Global Warming - Why Biofuels miss their target Print E-mail
By Rob Walsh   
Wednesday, 10 October 2007

Britain, like all the other capitalist countries, is dependent on burning fossil fuels as our basic energy source. It is obvious that fossil fuels must run out one day. It is also well known that carbon emissions from burning fossil fuels contribute to climate change. One 'solution' put forward to this is to grow your own biofuel.

bio-fuels-1.jpg The government's policy on encouraging the use of biofuels for transport is under attack from scientists and environmentalists because the biofuels are more damaging to the environment than the fossil fuels they replace!

The UK government target, negotiated with other members of the EU, is for 5% of petrol and diesel sold at the pumps to be from biofuel sources by 2010 and 10% by 2020.  An alternative proposal debated by the EU, but then vetoed by Germany, was to require car manufacturers to improve vehicle efficiency.

 The US Government is also pursuing a similar policy, and is heavily subsidising the farming of maize for biodiesel.  But although it is publicised as a "Green" policy and touted as a way of combatting global warming by reducing CO2 emissions, it really has more to do with diversifying fuel supplies so that the developed countries are less dependent on oil supplies from the Middle East, Venezuela and the countries of the former Soviet Union.  In any case it is widely recognised that supplies of fossil fuel are being depleted rapidly and will become increasingly expensive as supplies get scarce.

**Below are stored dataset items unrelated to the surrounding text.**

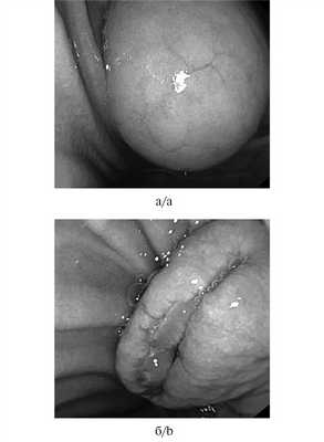 Послеоперационный период протекал без осложнений. Через 6 дней выполнены контрольная дуоденоскопия, эндоскопическая ретроградная холангиография. Медиальная стенка нисходящей части ДПК содержала внутристеночную кисту в спавшемся состоянии размером 2,5×5 см, с продольным разрезом длиной 3 см (см. рис. 3, б). Стенки кисты толщиной 7—10 мм. По контуру кисты, ориентировочно на границе верхней и средней трети его длины, обнаружено устье большого сосочка ДПК, из которого активно поступала желчь. Произведена ретроградная холангиография, контрастирован гепатикохоледох шириной 6—7 мм, из просвета которого контраст частично «сбрасывался» в ранее вскрытую полость кисты и терминальную часть протока ПЖ. Эвакуация контраста в кишку активная по обоим соустьям. При плановом гистологическом исследовании обнаружены частицы слизистой оболочки тонкой кишки с участками мышечной пластинки слизистой оболочки, умеренно выраженной лимфоцитарной инфильтрацией, лейкопедезом и реактивными изменениями покровного эпителия. Патологоанатомическая картина соответствовала ДК ДПК. С учетом доброкачественного характера кисты, наличия широкого соустья между кистозной полостью и просветом ДПК, беспрепятственного оттока желчи и панкреатического секрета принято решение об адекватности проведенного лечения.
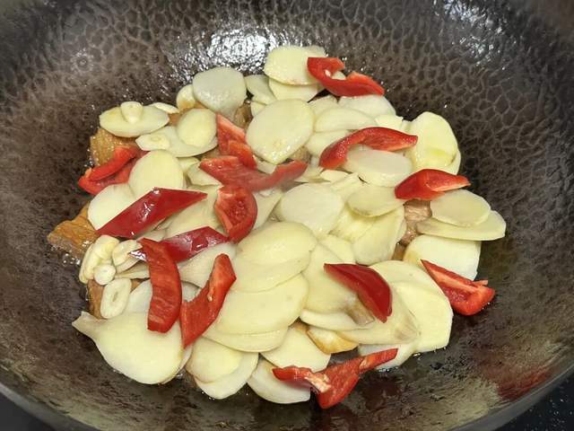 6、果然五花肉可以炒万物,这个味道很好,但听说这个口感很脆爽,但是我这个吃起来是土豆的口感,切的时候很脆爽,但是吃起来粉糯,不知道是不是这个口感,吃过的能分享一下吗?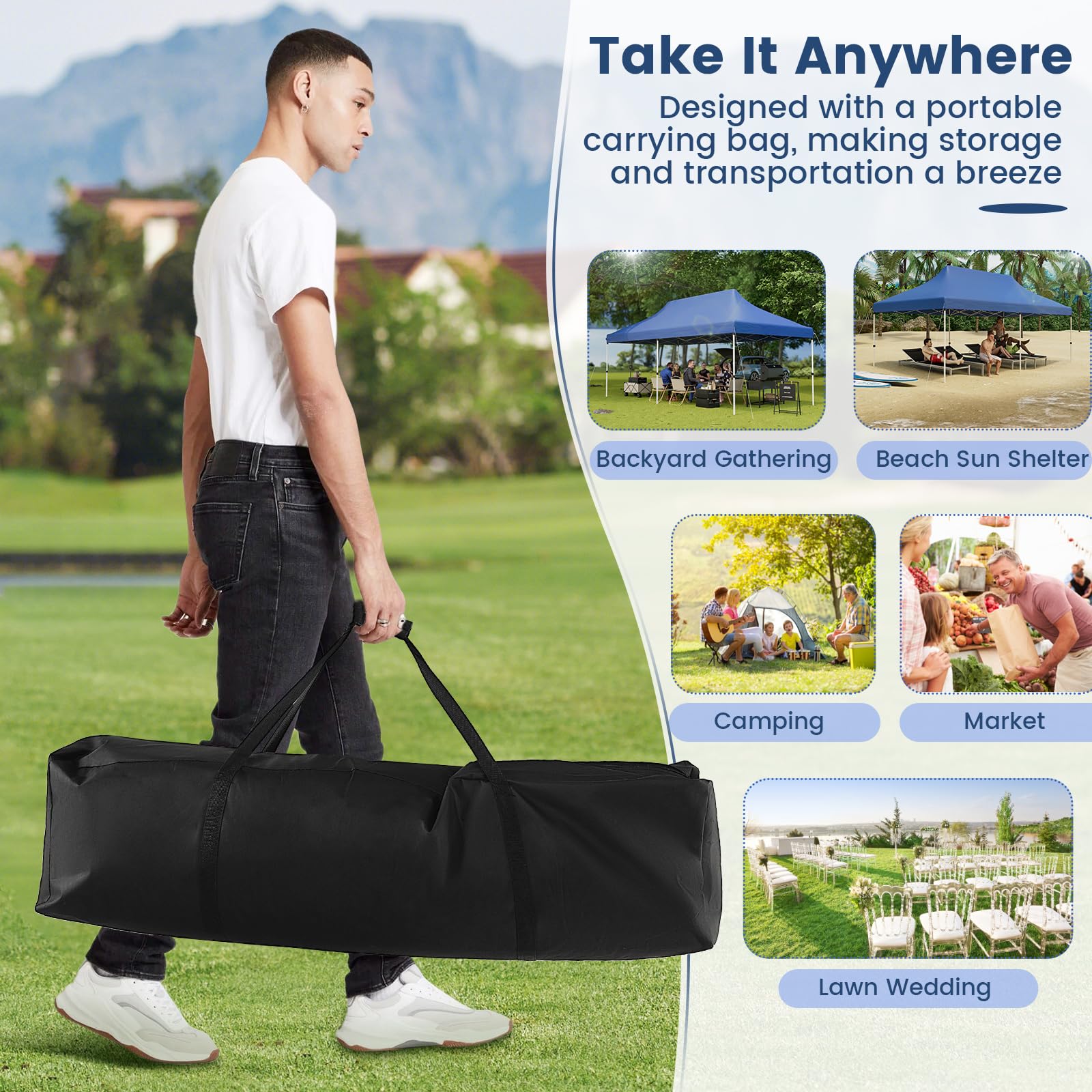 - Portable for Versatile Use: With included carrying bag, the folding canopy can be conveniently stored and transported to anywhere you want. Hence, whether you want to hold a outdoor party, wedding ceremony, gathering or use it on market, the portable pop up tent is a perfect choice.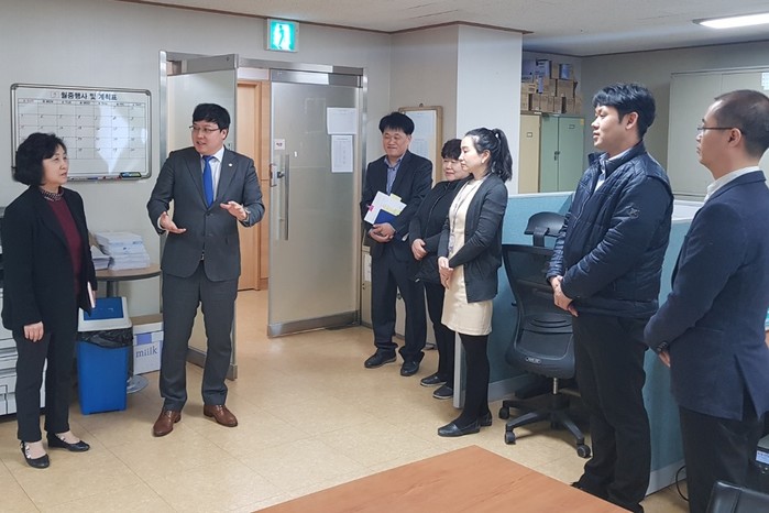 이관수 서울 강남구의장(왼쪽 두번째)이 지난 4일 체육 및 주차 관련 시설을 관리하는 공기업인 강남구 도시관리공단을 방문해 이날 청사를 돌아보며 직원들의 애로사항을 청취한 이관수 의장은 “열악한 조건에서도 구민편익 증진을 위해 노력해주시는 직원들에게 감사 드린다” 며 직원들을 격려하고 감사 인사를 전했다.(사진제공=강남구의회)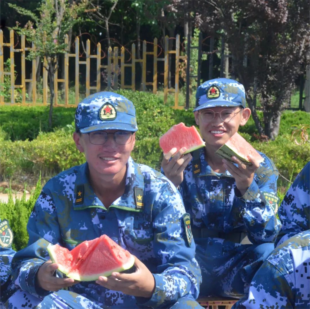 新生们纷纷表示,瓜甜心更甜。在炎炎烈日下,在队列操练中,这一丝清凉浸沁心底,一定不负嘱托,不怕困难,在军训中展现计控学子风采。
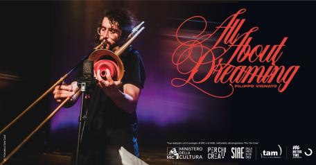 'All About Dreaming' is a solo trombone performance conceived by Italian trombonist and improviser Filippo Vignato. The performance is designed to adapt to and interact with the acoustic dimensions of the spaces that host it: an essential and minimalist dialogue with the echoes, reverberations, and resonances of the venue, in which both performer and audience immerse themselves during the concert. By reinterpreting the connection between performing art and concert form, 'All About Dreaming' offers a total experience for both musician and audience, enveloped by the same sound and space in a timeless, dreamlike dimension.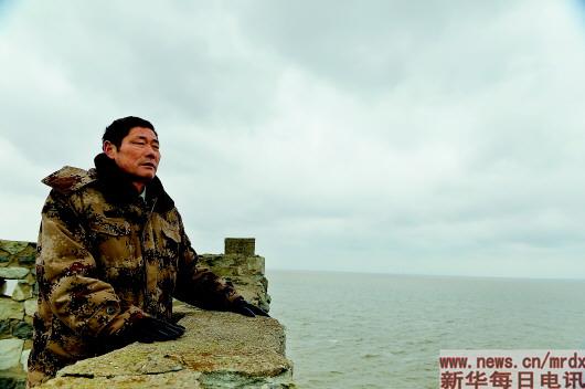 ▲王继才在江苏开山岛上眺望远方(2017年2月21日摄)。 新华社发

In terms of their effect on  the emission of greenhouse gases, biofuels as presently produced are not simply ineffective, they are far worse than fossil fuels because forests are being cleared, by burning, to provide the land to grow biofuel crops like palms. 

More Damaging

George Monbiot has estimated that they are ten times more damaging to the environment than fossil fuels, and has called for a 5-year moratorium on their use.  This is also the view of top environmental scientists such as Renton Righelato from the World Land Trust and Roland Clift, professor of environmental technology at Surrey University.

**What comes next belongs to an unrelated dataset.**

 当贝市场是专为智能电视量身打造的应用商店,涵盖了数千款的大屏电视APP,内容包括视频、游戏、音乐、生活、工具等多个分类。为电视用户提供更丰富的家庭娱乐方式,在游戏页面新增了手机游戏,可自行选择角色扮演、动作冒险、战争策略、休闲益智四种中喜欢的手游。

Clift has called the government's policy a "scam" and said "We calculate that the land will need to grow biodiesel crops for 70-300 years just to compensate for the CO2 emitted in forest destruction."

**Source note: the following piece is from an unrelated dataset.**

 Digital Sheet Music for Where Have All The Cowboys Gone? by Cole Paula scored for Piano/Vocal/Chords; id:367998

Even when existing agricultural land and not virgin forest is used, it's a scam (according to Professors Pimentel and Patzek of Cornell and Berkeley Universities) because, in the US, the energy consumed by machinery in the process of growing the maize and in the conversion to bioethanol from the raw product is three times as much energy as there is in the liquid fuel you get at the end.  The massive federal and state subsidies needed to make this happen come out of the taxes paid by American workers.

Pimentel and Patzek's energy figures are contested by biofuel industry experts, who claim that for every 1 unit of fossil fuel energy used, 1.13 to 1.34 equivalent units of bioethanol are created.  So even with the most optimistic assumptions built in the gains are quite small. On these figures the USA would need more than twice the total farmland it possesses just to meet its energy needs.  Obviously the USA and Europe are going to get their main biofuel resources from elsewhere.

The resulting pressure on global land resources is driving up the price of food everywhere. For example the price of maize doubled between January 2006 and March 2007.  This leads to increased hardship for the very poorest sections of society who must spend a far greater proportion of their income on food than the well-off. 

Carbon emissions have to be cut. One reason for the acceleration of emissions being pumped out is that our economy is unplanned. Private transport, particularly the car, is the only way many people can get about. We need to take our privatized public transport back into public ownership, invest in it, and build it up as a way of travelling that is a viable alternative to the car.

palm_oil_plantation_1.jpg Capitalists treat natural resources as something to be looted for profit. They don't care what environmental damage they do, as it's someone else's problem. This must stop! We need planning on a world scale to deal with the environmental problems created by capitalism.